New Zealand’s green credentials are at risk as the government rolls back environmental reforms to boost the economy.
Since taking power, Prime Minister Luxon’s coalition will reverse the oil and gas ban, delay agricultural emissions pricing, and boost mining.
This government shift aims to boost exports, addressing a 0.3% growth for the year to March 2024 and a 6.8% GDP deficit.
Exports account for almost a quarter of New Zealand’s economy.
“The economic situation for me, is arguably the worst of the set of circumstances that I can remember in my adult life,” Resources Minister Shane Jones said.
“So when the opportunity arose to champion the re-emergence of the mineral sector it was driven by quite a brutal understanding of what our economic situation is,” he added.
The agricultural sector, including fishing, contributes 5% to the economy and 80% of exports. However, farmers argue that reversing environmental policies would make dairy and meat production costly.
While farmers and companies have praised the changes, environmentalists criticize the coalition for its perceived shortsighted policies.
“They are not looking at both sides of the ledger here, and the economic impacts of wrecking the joint for a few quick bucks for the government of this day, and therefore putting at risk the prosperity of future generations of New Zealanders,” said Nicola Toki, chief executive of environmental organization Forest and Bird.
Last week, Air New Zealand dropped its 2030 emissions target due to aircraft delays and costly green fuel; the Green Party is concerned.
Last week, the government Climate Commission report highlighted major risks for New Zealand’s 2030 and 2035 emission and methane reduction targets.
Any shortfall in targets will require increased offshore mitigation, with costs potentially reaching NZ$23.5 billion ($14 billion), as forecasted.
Balancing Emission Targets with Economic Growth
The government is working on a climate change plan, focusing on tree planting, boosting renewable energy, and investing in emissions-reducing technology.
Climate Minister Simon Watts said the government expects to meet the 2030 target; however, more work is needed for 2035.
“The Government is committed to meeting our climate change targets, but the way in which we do this will be different to former New Zealand Governments,” he said. “This Government is using a least-cost approach to meet our climate targets. We will not shut down sectors that are boosting our economy and exports.”
Environmentalists, however, say this is not enough.
Sara Walton, co-director of the University of Otago Climate Change Research Network, warned of New Zealand’s reputational and financial risks for missing targets.
“It’s more important than ever for companies to be reducing their emissions in order to remain competitive internationally in terms of supply chains,” said Walton.
Sara Walton, co-director of the University of Otago Climate Change Research Network, warned of New Zealand’s reputational and financial risks for missing targets.
Agricultural emissions will continue to be taxed from 2030; however, rules for protecting significant natural areas to support biodiversity are suspended.
Other areas targeted by the government include energy and natural resources.

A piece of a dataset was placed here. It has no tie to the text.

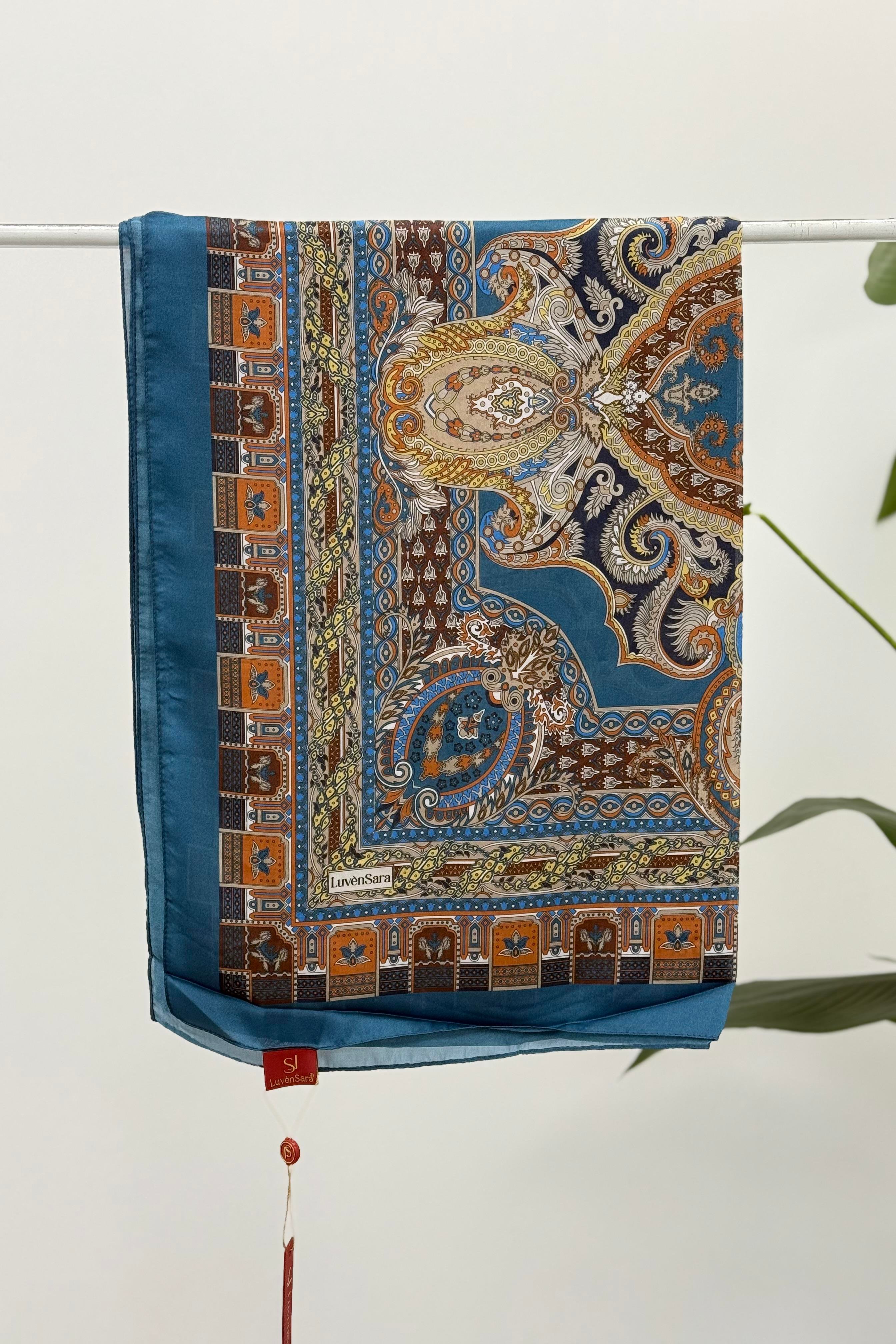 Luven Sara 11856 Hint İpeği Şal - İndigo

It will reinstate oil and gas exploration, previously banned by Jacinda Ardern in 2018, to reduce coal imports and lower energy prices.

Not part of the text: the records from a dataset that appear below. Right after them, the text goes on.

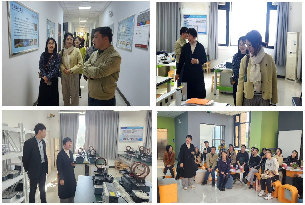 随后,大家参观了新近完成改造的学校物理实验中心,物理教研室主任金华老师、物理实验中心主任陈国红老师详细介绍了学校物理学科实验研究条件,以及大学物理课程和实验教学开展情况,使博士团同学们真实体验了未来入职高校的职业场景。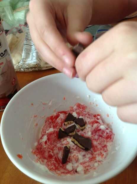 Ahora, añadir las galletas!!!! Triturar las galletas con las manos en trozos pequeños.
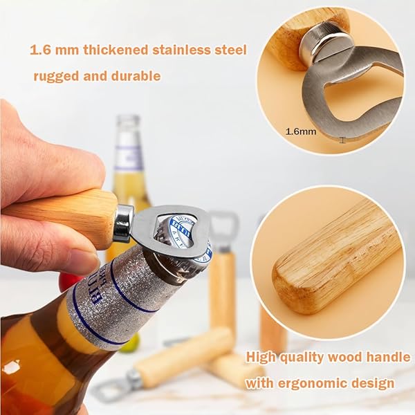 - Bartender Bottle Openers, Beer Bottle Openers, Cider, Soft Drinks -Wood Handle Handheld (set of 6) offers reliable performance and quality- Wood handle stainless steel bottle opener- Comfortable soft grip handels perfect manual bottle opener, practical and simple to use, light- weight and reliable sturdy beverage opener- Remove beer & soda caps with a quick flick of hand using this high-quality bar accessory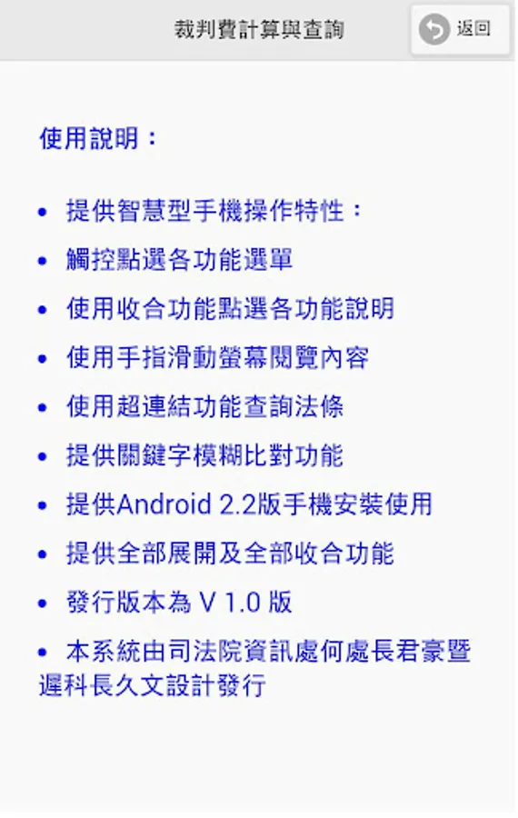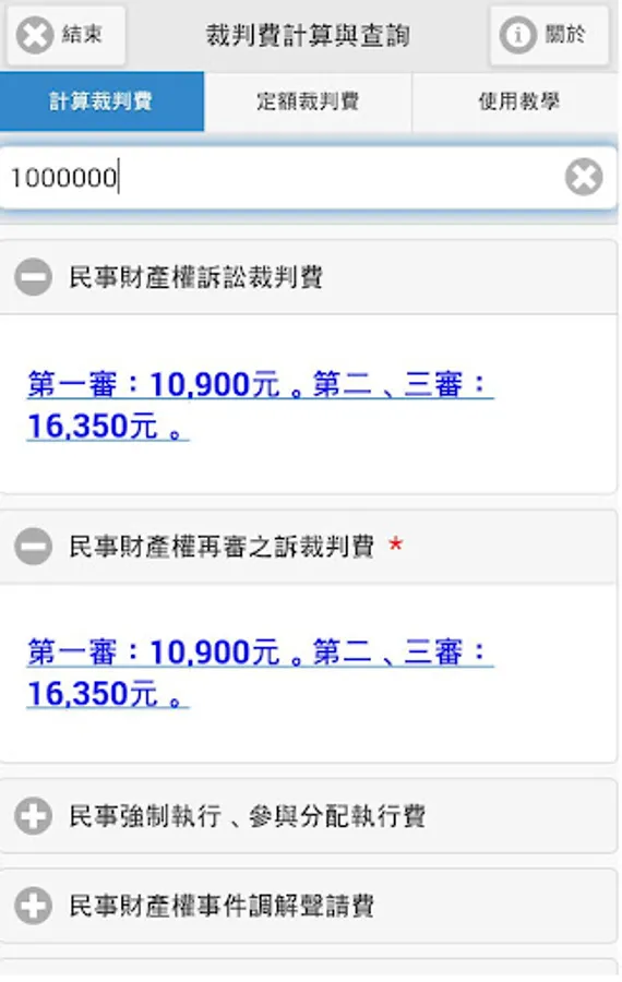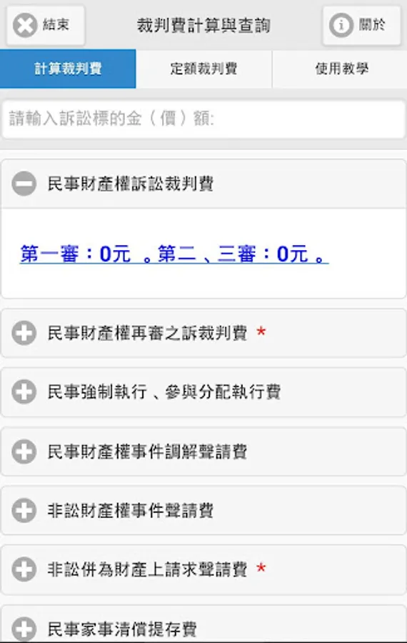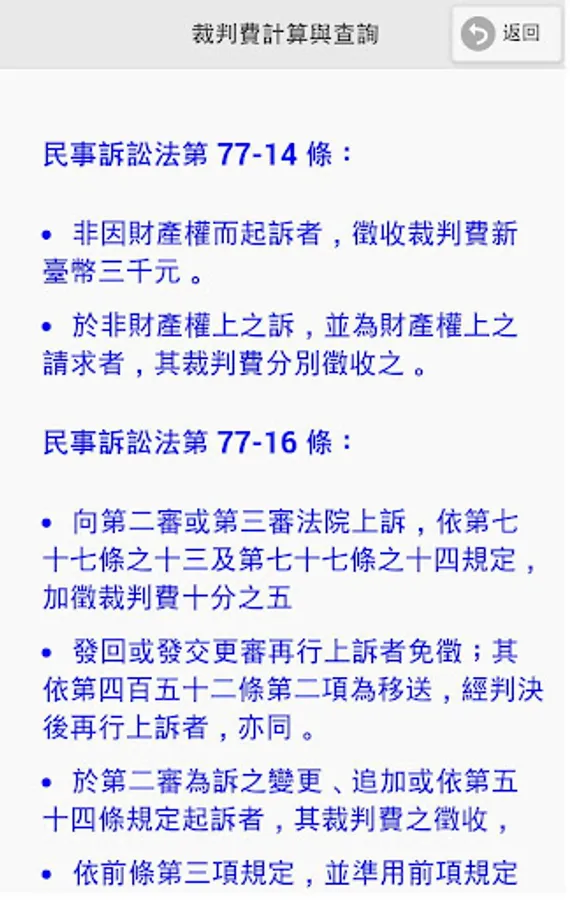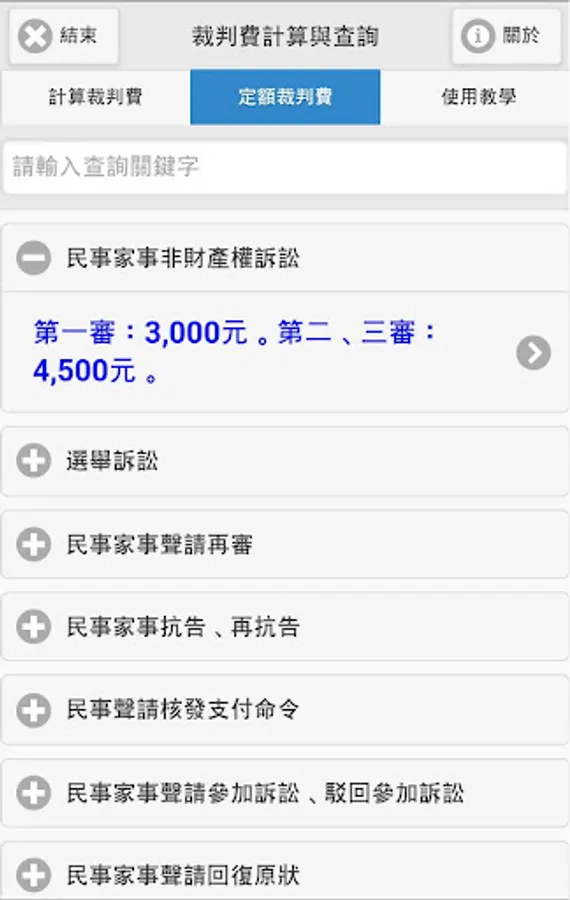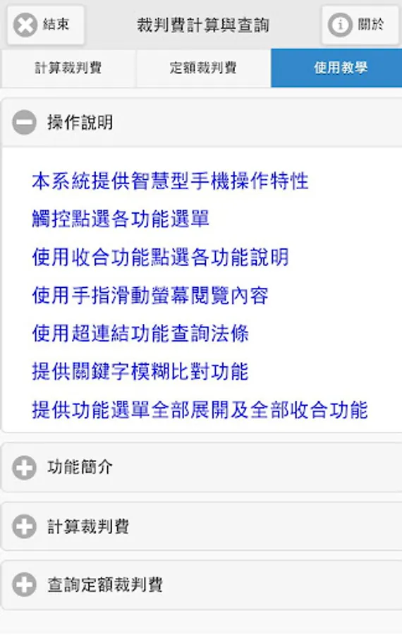 民事訴訟事件、非訟事件、家事事件、行政訴訟並提供關鍵字模糊比對、超連結顯示法條內容依據及操作說明。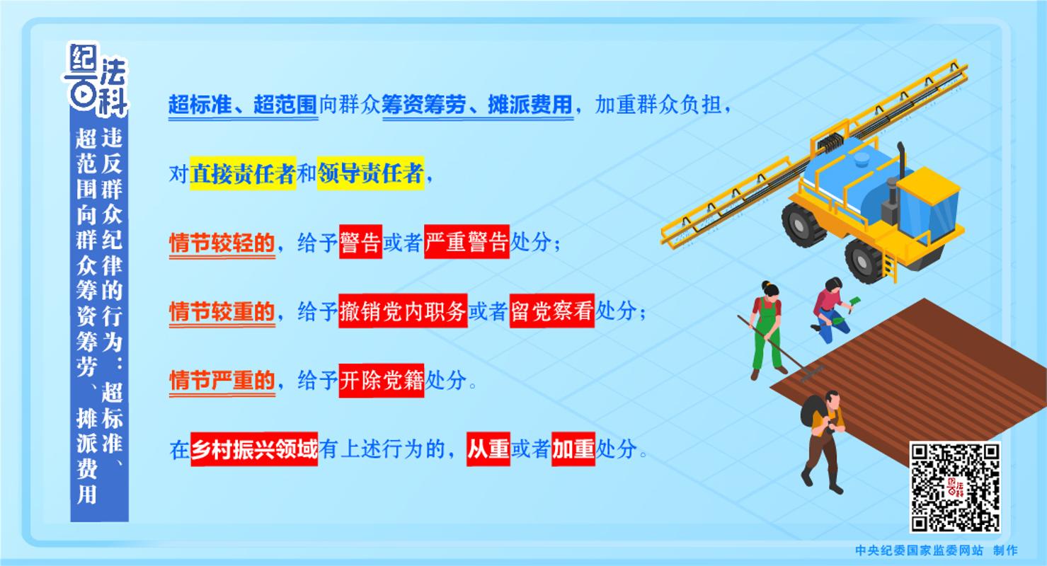 《中国共产党纪律处分条例》第一百二十二条、第一百二十三条对侵害群众利益行为列出负面清单,作出处分规定。第一百二十二条第一款规定:有下列行为之一,对直接责任者和领导责任者,情节较轻的,给予警告或者严重警告处分;情节较重的,给予撤销党内职务或者留党察看处分;情节严重的,给予开除党籍处分,其中第一项为“超标准、超范围向群众筹资筹劳、摊派费用,加重群众负担”。第二款规定:在乡村振兴领域有上述行为的,从重或者加重处分。

The government aims to double mineral exports to NZ$2 billion in 10 years and has announced a resource stocktake.
It also proposes a fast-track process, enabling mines to bypass current consents with ministerial approval.
Cindy Baxter, chair of Kiwis against Seabed Mining, fears this could enable a controversial project on New Zealand’s west coast.
“It’s a beautiful piece of ocean with reefs and sea life… which could be absolutely destroyed by seabed mining,” Baxter said.